Background

Acute movement disorders are infrequent manifestations of central nervous system demyelination. Our purpose is to highlight an extremely unusual relapse presentation in an MS patient with highly active disease.

Objectives

Non-applicable......................................................................................

Methods

Non-applicable......................................................................................

Results

We present the case of a 26-year-old female patient, diagnosed with Relapsing-Remitting MS at age 16. She was initially non-compliant with disease-modifying therapies and clinical follow up, experiencing multiple relapses during an eight-year period. She resumed follow-up at our institution in 2018, following two episodes of cervical myelitis without clinical motor involvement. Her neurological examination was noticeable for vertical non-fatigable nystagmus, asymmetric left-predominant hyperreflexia, and truncal ataxia. Re-baseline MRI performed in 2019 revealed multiple T2 lesions involving infratentorial, spinal cord, juxtacortical, and periventricular regions, none of which showed gadolinium enhancement. She was started on dimethyl fumarate 240mg bid in March 2020 with adherence.

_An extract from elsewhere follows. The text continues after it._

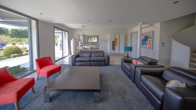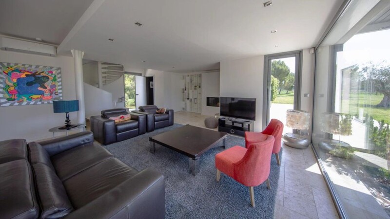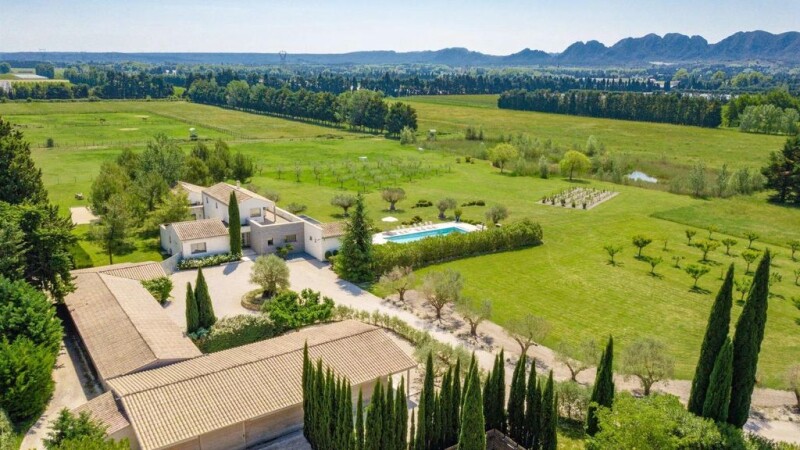 Benefitting from a spectacular and unobstructed view of the Alpilles, this extraordinary property, close to Saint Remy de Provence, is set within striking grounds which include a lake. This most original, contemporary home offers refined features and fittings, and the well-presented accommodation comprises a living room, kitchen and dining room, which all open out onto the garden, and 5 en-suite bedrooms. 4 of the bedroom suites are on the ground floor whilst the spacious master suite, on the first floor, offers a breath-taking view of the Alpilles and enjoys a large private terrace. The grounds stretch to approx. 3.5 hectares (8.5 acres) and include numerous outbuildings (a 3-car garage, carport, stables, caretaker's cottage and workshop) as well as a 15x5m heated swimming pool and pool house. It is the combination of the many features on offer, which include geothermal energy, underfloor heating, home automation and electric shutters as well as the prized location that give this unusual property the unique attributes that are sought by a demanding and aesthetic clientele. Complete tranquillity and privacy assured.

The patient consulted our MS outpatient clinic in May 2020, because of a 4-day history of continuous involuntary wavelike movements localized to the right side of her face. The patient’s spouse reported that the movements were unremitting during sleep. A video recording of this manifestation was obtained. Neurological examination at this time revealed continuous right-sided facial myokymia, more prominent around the orbicular and peri-labial muscles, not influenced by voluntary activity. There was no concurrent hemifacial spasm. Brain MRI documented a new hyperintense T2/FLAIR non-enhancing lesion in the pontine tegmentum, adjacent to the traject of the facial nerve and multiple gadolinium-enhancing lesions in the supratentorial compartment. The patient was offered intravenous methylprednisolone treatment but denied. She subsequently experienced full recovery within 3 weeks, with no abnormal facial movements detected at clinical reevaluation one-month later.

Conclusions

We described the case of an MS patient with a highly active disease course, presenting with continuous hemifacial wavelike movements related to a pontine demyelinating lesion. Although infrequent, strictly unilateral facial myokymia is a possible presentation of infratentorial MS relapse.